Practical AI hosts Daniel Whitenack and Chris Benson cover four converging developments: Allbirds' pivot from footwear to AI compute infrastructure, the emergence of NeoCloud providers like CoreWeave, Anthropic's unreleased Mythos model and its security implications, and the legal risks of using AI chatbots for confidential business communications.

Key Questions Answered

  • NeoCloud Infrastructure: AI-native cloud providers like CoreWeave, Together AI, and Lambda Labs build GPU-first infrastructure specifically for training and inference workloads, not general computing. This specialization exists because GPU supply is constrained within hyperscalers like AWS, and AI workloads require massive multi-node data movement patterns that general-purpose cloud architecture does not efficiently support.
  • Allbirds Capital Reallocation: Allbirds sold its entire footwear operation to American Exchange Group in March 2026, retaining roughly $50M in cash plus a public stock ticker, then pivoted to AI compute infrastructure. Shares jumped approximately 700% on the announcement. The critical limitation: $50M is a marginal entry point in a market where competitors invest billions.
  • Token Maxing as Vanity Metric: Companies like Meta have created internal leaderboards tracking developer token consumption to measure AI-assisted productivity, but token spend functions like website clicks — a correlation with output, not a cause.
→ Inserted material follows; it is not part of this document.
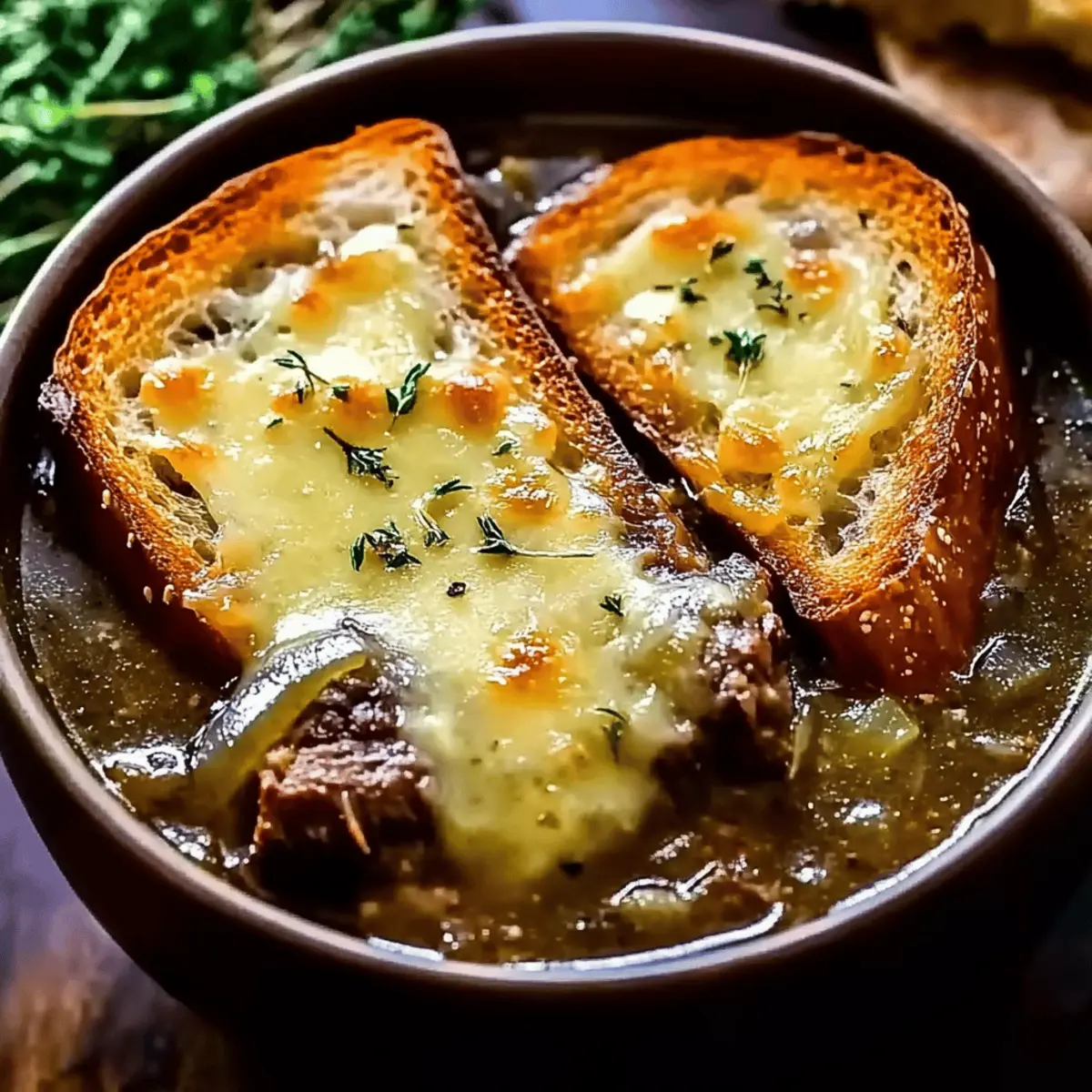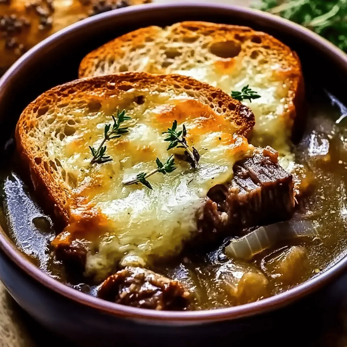 Savory French Onion Short Rib Soup with Gruyère Toast Delight

Developers game leaderboards by spending tokens on trivial tasks. The actual productivity-to-cost ratio across organizations remains unmeasured and highly variable.
  • Mythos Security Implications: Anthropic's unreleased Mythos model reportedly identified thousands of vulnerabilities across every major operating system and browser. Rather than releasing it publicly, Anthropic launched Project Glasswing, a closed program with approximately 40 companies given access to audit and patch their systems. This signals a broader tailwind for AI governance, security operations, and AI underwriting companies.
  • AI Chat and Attorney-Client Privilege: A federal judge ruled that Claude chat logs used to prepare legal materials are discoverable in court because AI systems are classified as third parties, not attorneys. Pasting confidential contracts, draft agreements, or sensitive business discussions into any commercial AI system effectively waives confidentiality. Companies should update vendor contracts and internal policies to explicitly prohibit inputting privileged information into external AI tools.

Notable Moment

A federal ruling established that conversations with AI tools like Claude carry no attorney-client privilege, treating the AI as a third party. This means founders and executives who routinely paste contracts or sensitive negotiations into commercial AI systems have potentially made that material discoverable in litigation.